Ne Zaman Stream Kullanılabilir
Açıklaması şöyle. Yani normalde Optional veya List döndürülür ancak Sonuç listesi çok büyükse Stream döndürülebilir
Spring Data JPA repositories in their default setup expects to return instances of either Optional or List, meaning that the result set will be lifted into memory and mapped to your model object. This works well for many use cases, but when the result set becomes very large (> 100,000 records) or the result set size isn’t known in advance, memory will become a problem. Enter Stream.

Kullanım
Stream yöntemin gerçekleşmesi için JPA 2.2'deki Query arayüzünün getResultStream() metodu kullanılıyor.
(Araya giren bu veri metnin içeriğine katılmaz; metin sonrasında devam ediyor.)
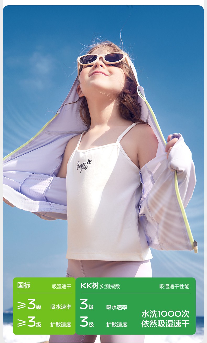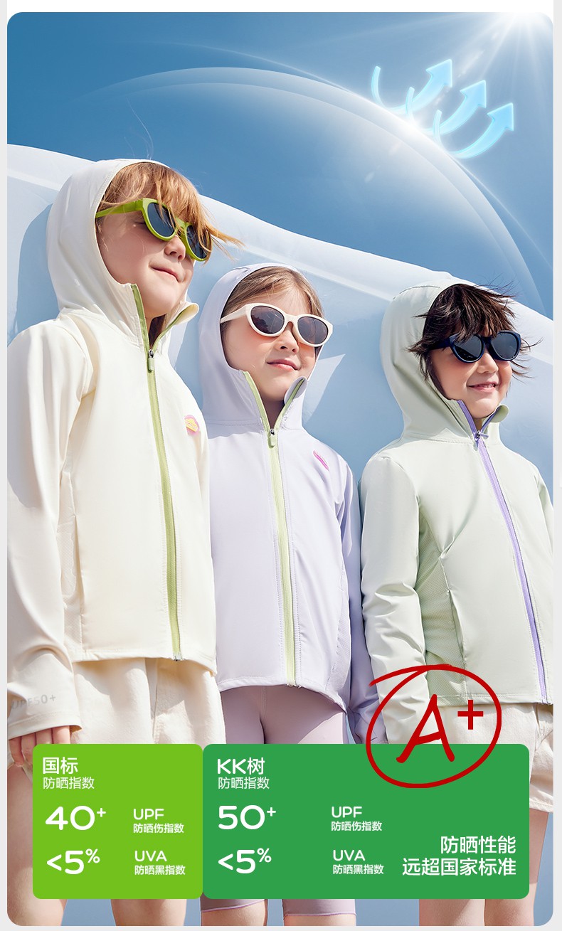 KK树儿童防晒衣原纱防紫外线凉感男童女孩皮肤衣宝宝防晒服2024年薄荷糖冰皮衣
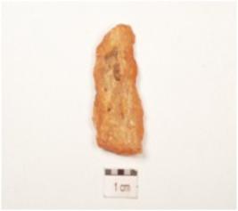 | Description / विवरण | Blade made of quartz striking platform on posterior end, use wear marks on working edges triangular in section. |
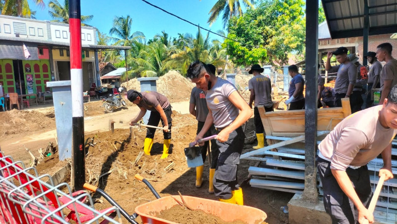 Polri dan Warga bergandengan Tangan, Polindes Meunasah Mancang Bangkit dari Lumpur Banjir
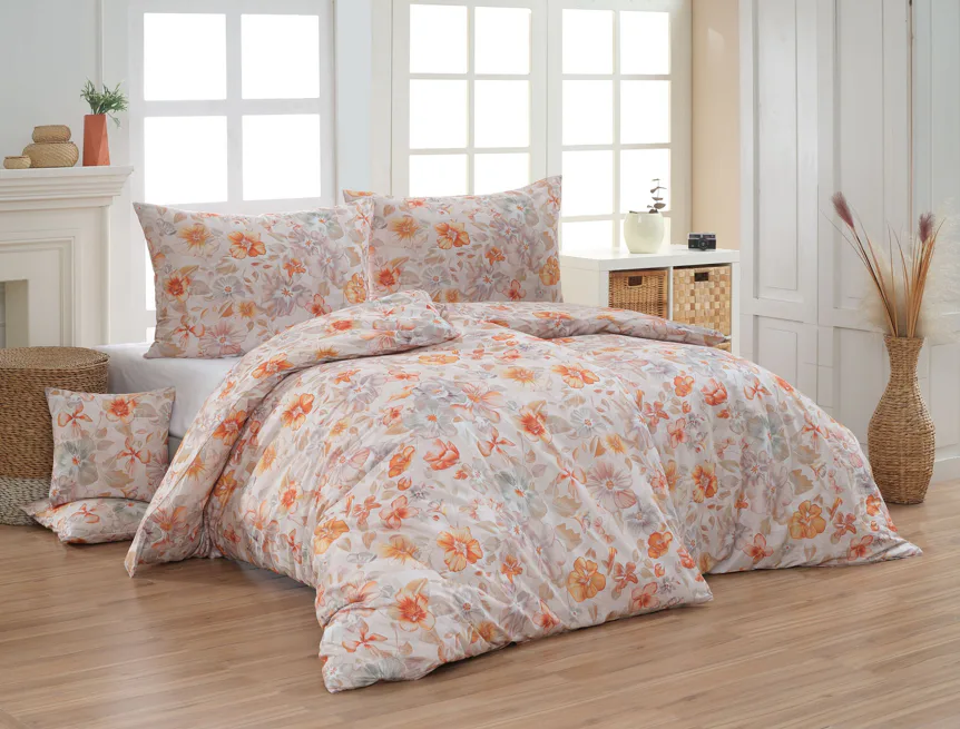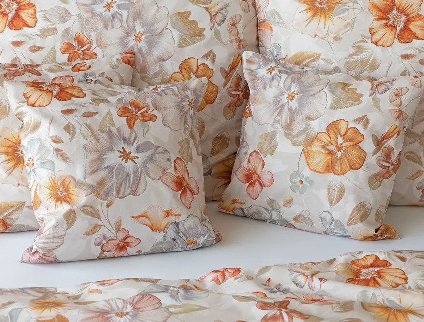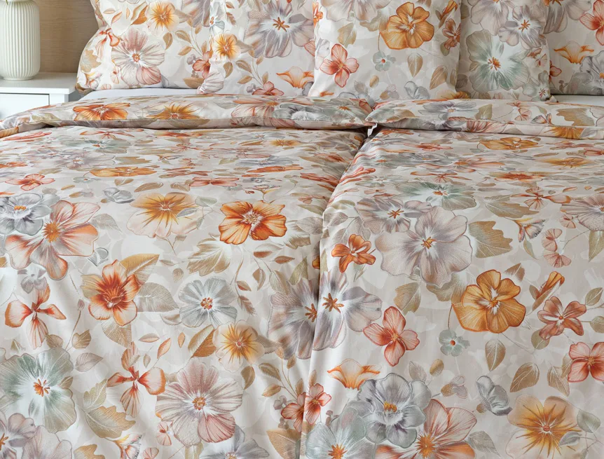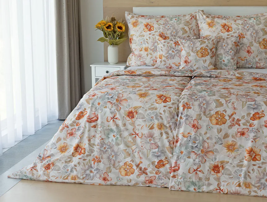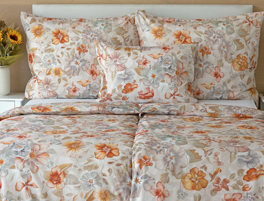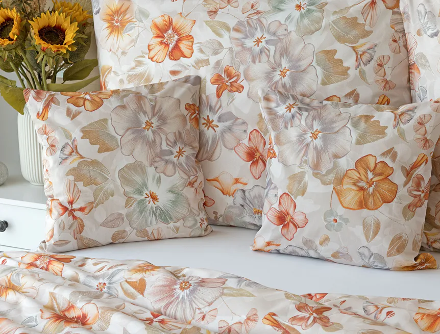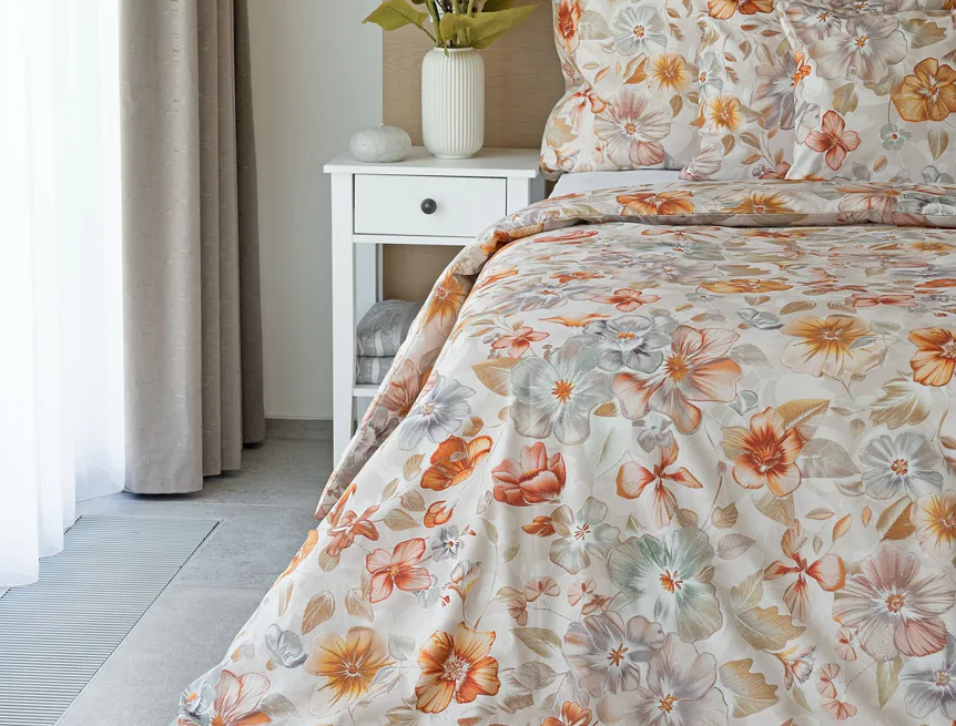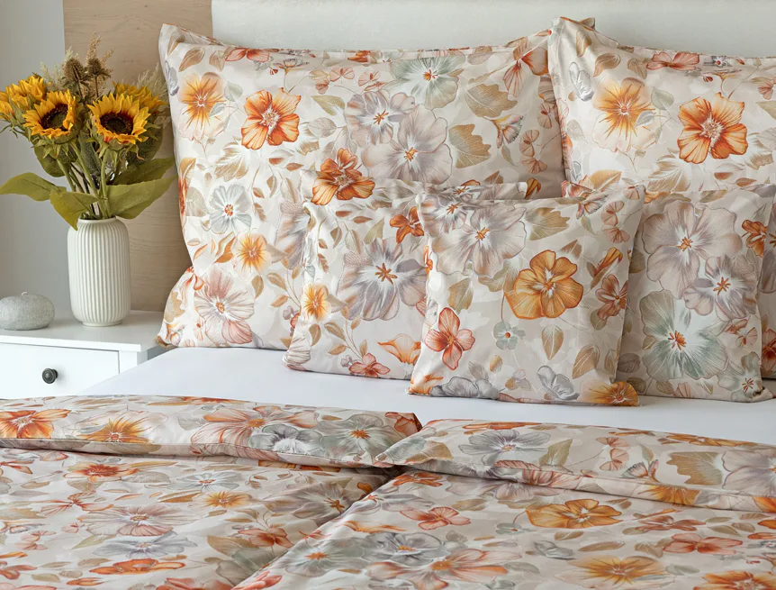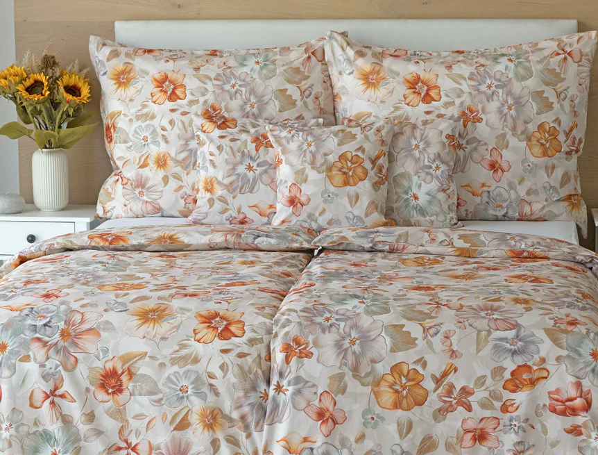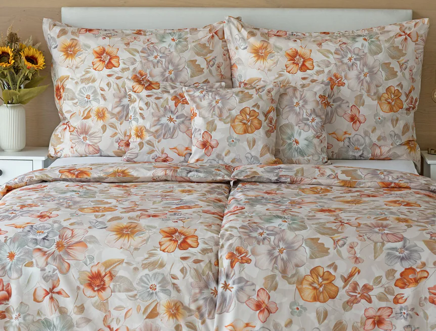 Bavlněné povlečení Manon v podzimních tónech vnese do vaší ložnice hřejivou atmosféru klidu a pohody. Jemný květinový vzor v paletě měděných a béžových tónů navodí pocit útulného domova. Díky nejmodernějšímu digitálnímu tisku je florální motiv zachycen v precizním detailu.
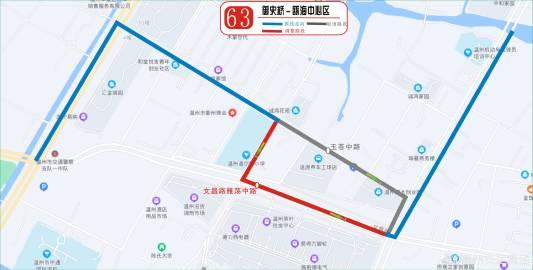 由御史桥首末站始发,途经耐宝路、龙飞路、船厂路、钱江路、雁荡东路、兰江路、温州大道、文昌路(返行)、雁荡中路(返行)、富春江路、机场大道、会展路、学院东路、汤家桥路、新蒲路、丰源路、汇源路、宏源路、新城大道、锦绣路、西山东路、西山路、站前路、金蟾大道、国鼎路、半塘路、古岸路、沉木桥街、瓯海大道辅道瓯海段,至瓯海中心区首末站(往返)。取消站点:玉苍中路(返行)。
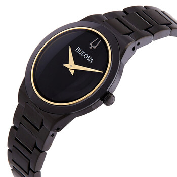Black stainless steel case and bracelet. Fixed black stainless steel bezel. Black dial with gold-tone hands. Dial Type: Analog. Bulova Calibre 9T22 automatic movement. Scratch resistant sapphire crystal. Solid case back. Round case shape, case size: 32 mm, case thickness: 9 mm. Deployment with push button release clasp. Water resistant at 30 meters / 100 feet. Functions: hour, minute. Millennia Series. Sport watch style. Bulova Millennia Automatic Black Dial Ladies Watch 98L314.
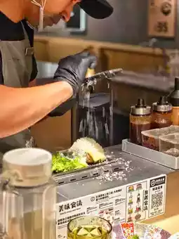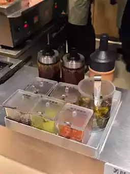 The restaurant is mainly divided into two dining areas, are in front of the board around the middle of the iron plate and preparation area 🔥 While studying the menu has been served can add any Northeast Japanese rice and mussels tomato soup 🥘 In addition, you can prepare a unique nine-color sauce 🥢 from onion sauce, specialty Aurora sauce to the most delicious garlic chili sauce are placed waiting for the burger steak arrived
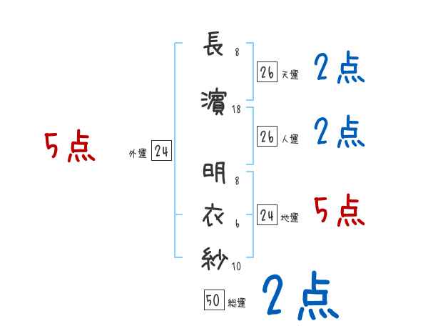 長濵明衣紗さんの画数の鑑定結果
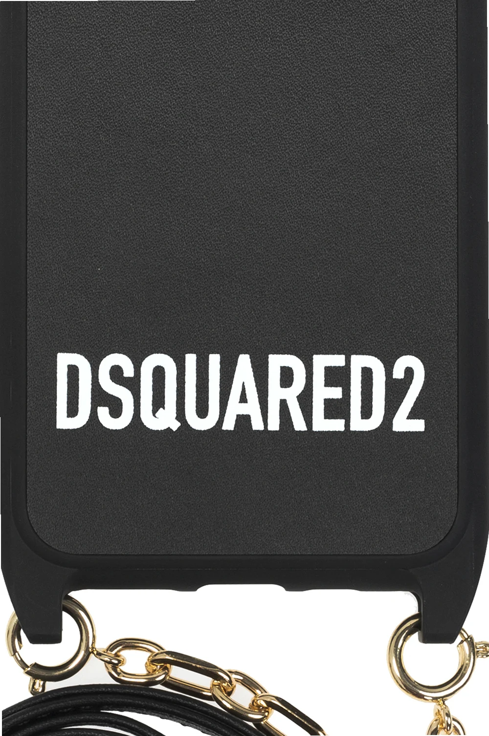 Black iPhone 11 Pro case from Dsquared2. Printed with the brand\'s logo in white, this item comes with an attached strap.
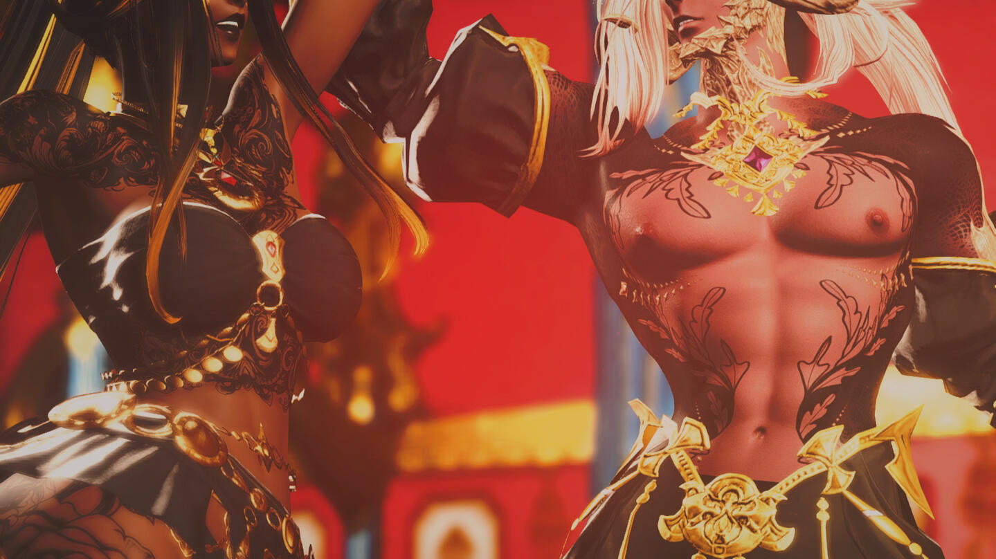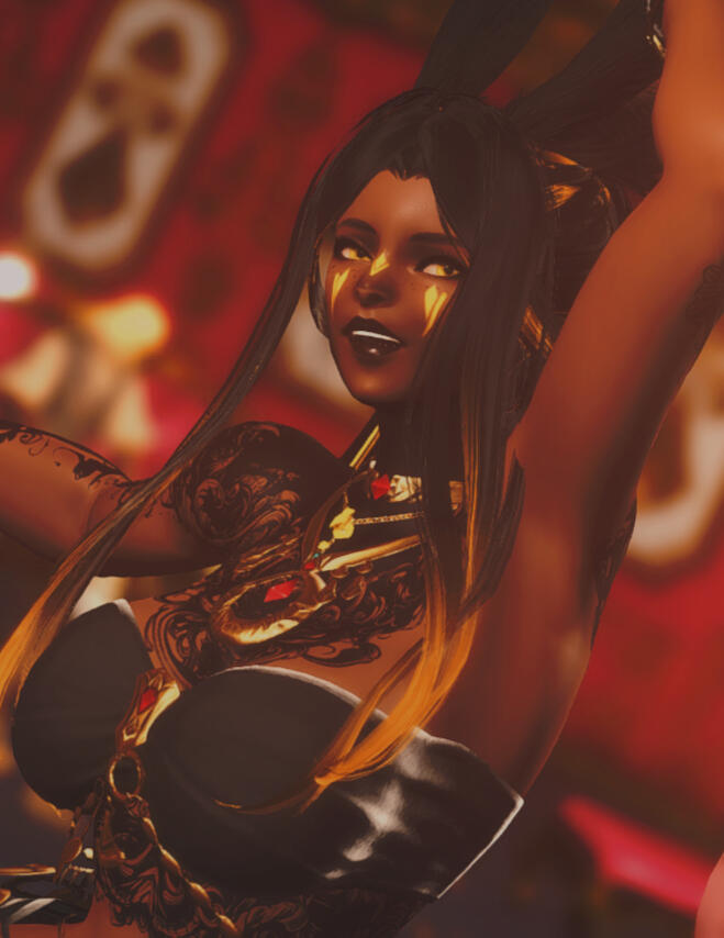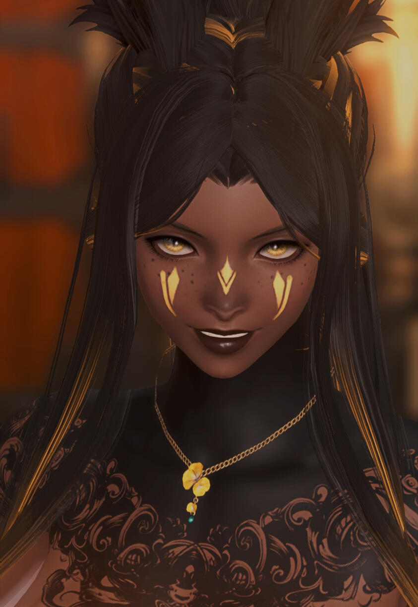 Even from a young age, Lantana was a rebellious soul. Like many Rava, she was born in the Golmore Jungle and grew up just like every Viera citizen in her village. She lived there for several years with her younger sibling - until it was revealed that her sibling was male. Despite the mantra that their matriarchal society tried so hard to get into her head, Lantana refused to give up the bond she shared with her brother. Late into the night, she followed him when his chosen mentor took him away from their village.While wholly unprepared for the hardships that male viera faced, Lantana was determined to never lose sight of her brother. For over three months, she remained hidden, utilizing her skills as a huntress to stalk the two males from the shadows. Despite her best efforts, however, she was still caught by the male that mentored her brother - who, despite tradition dictating that she should be punished and exiled, simply pretended that he had not seen her.Confused, but otherwise relieved, Lantana continued to follow them. Over time, she watched and learned from them the skills she needed to survive on her own in the world, and found that the skills came naturally to her. Not so much, however, to her younger brother, Iria. In a freak accident, Iria slipped up during a hunt and found himself at the deadly end of a viper's temper. However, the viper's fangs did not find purchase on Iria - but instead his mentor, who put himself between the young boy and the angry beast.Despite her better judgement, Lantana made the killing blow on the beast before it could cause any more harm, joining her brother by the elder male's side. In his last few moments, the elder revealed his true identity - and why he did not attack or shun Lantana when she was found. He was their sire by blood - who had eyes only for their mother in that little village in the jungle. When time it came for Iria to leave, their father jumped at the chance to become his mentor, even though the notion itself was taboo.Faced with the sudden grief of losing their father, Lantana and Iria vowed never to leave each others side if they could help it. Knowing that Lantana would be exiled or worse should she ever return home, they decided instead to make their way East, to Kugane. Life at first was tough for them, as they knew perfectly how to survive in a thick jungle - but not in a bustling city. Over time, however, they made good names for themselves. Iria found himself swept up in the arts, and found that he had a great talent in tattoos.Lantana, on the other hand, had a difficult time fitting in. Her talent in wilderness survival saw that her wanderlust would not leave her alone. She set off to explore every nook and corner that Kugane had to offer - and eventually (literally) bumped into a handsome Raen gentleman by name of Mochiuji Uzuka. Through him, she learned of the opportunity to travel as a dancer and performer, which she took in a heartbeat with her brother's blessing.As time went on, she spent much time with Mochiuji, and even put her dancing skills to the test with performances at Kuriko's Hostel. With each day passed, the two grew closer together, and it is clear to many that there was something between them from the start. However, with the nature of Mochiuji's work, and with Lantana often being away for months at a time, they agreed to keep their relationship open. There would always be a place for each other in their hearts - with room to spare, wheresoever their lives would take them.

Eğer sadece JPA kullanıyorsak şöyle yaparız
Stream<Author> authors = em.createQuery("SELECT a FROM Author a", Author.class)
  .getResultStream();
Spring ile şöyle yaparız
@Repository
public interface EmployeeRepository extends JpaRepository<Employee, Integer> {

  Stream<Employee> findByHireDateBetween(LocalDate from, LocalDate to);
}

@Autowired
private EmployeeRepository employeeRepo;

@Transactional(readOnly = true)
public void exportEmployees(LocalDate hireDateFrom, LocalDate hireDateTo) {
  try (Stream<Employee> employees = employeeRepo.findByHireDateBetween(hireDateFrom,
                                                                       hireDateTo)) {
    employees.forEach(this::mapAndWrite);
  }
}

private void mapAndWrite(Employee from) {
  ...
}
Eğer N +1 Select problemi varsa şöyle yaparız
@Entity
public class Employee {
  ...

  @OneToMany(mappedBy = "employeeId", cascade = CascadeType.ALL, orphanRemoval = true)
  private Set<Salary> salaries;

  @OneToMany(mappedBy = "employeeId", cascade = CascadeType.ALL, orphanRemoval = true)
  private Set<Title> titles;
}

@Repository
public interface EmployeeRepository extends JpaRepository<Employee, Integer> {

  @Query("SELECT DISTINCT e from Employee e "
         + "LEFT JOIN FETCH e.salaries "
         + "LEFT JOIN FETCH e.titles "
         + "WHERE e.hireDate BETWEEN ?1 AND ?2 "
         + "ORDER BY e.employeeId")
  @QueryHints(value = {
    @QueryHint(name = HINT_FETCH_SIZE, value = "" + Integer.MIN_VALUE),
    @QueryHint(name = HINT_CACHEABLE, value = "false"),
    @QueryHint(name = HINT_READONLY, value = "true"),
    @QueryHint(name = HINT_PASS_DISTINCT_THROUGH, value = "false")
  })    
  Stream<Employee> findByHireDateBetween(LocalDate from, LocalDate to);
}
- Burada join yapıldığı için Employee nesnesi veri tabanından birden fazla gelir. Bunu engellemek için DISTINCT kullanılır
- LEFT JOIN FETCH ile child nesneler eager yüklenir
- ORDER BY niçin lazım tam anlamadım

Genel kullanım için açıklama şöyle
- Any stream operation must be wrapped in a transaction. Spring will throw an exception otherwise
- A stream is created by Spring Data JPA but must be closed by you. A stream keeps a cursor to the result set open since it can’t know when the result set has been consumed. If not closed you will run out of cursors in the database. Use try-with-resources or call close on the stream.
- Forward operations only. A stream can only be consumed once
Yani 
1. Stream mutlaka kapatılmalı
2. Stream'i işleyen kod @Transactional olmalı
3. İşlenen nesne EntityManager'dan detach() çağrısı ile çıkarılmalı
4. N+1 Select problemine dikkat edilmeli


Diğer Parametreler
@QueryHint parametresi de önemli. Kullanılan bazı şeyler şöyle

- HINT_FETCH_SIZE ile bir seferde getirilecek kayıt sayısı belirtilir.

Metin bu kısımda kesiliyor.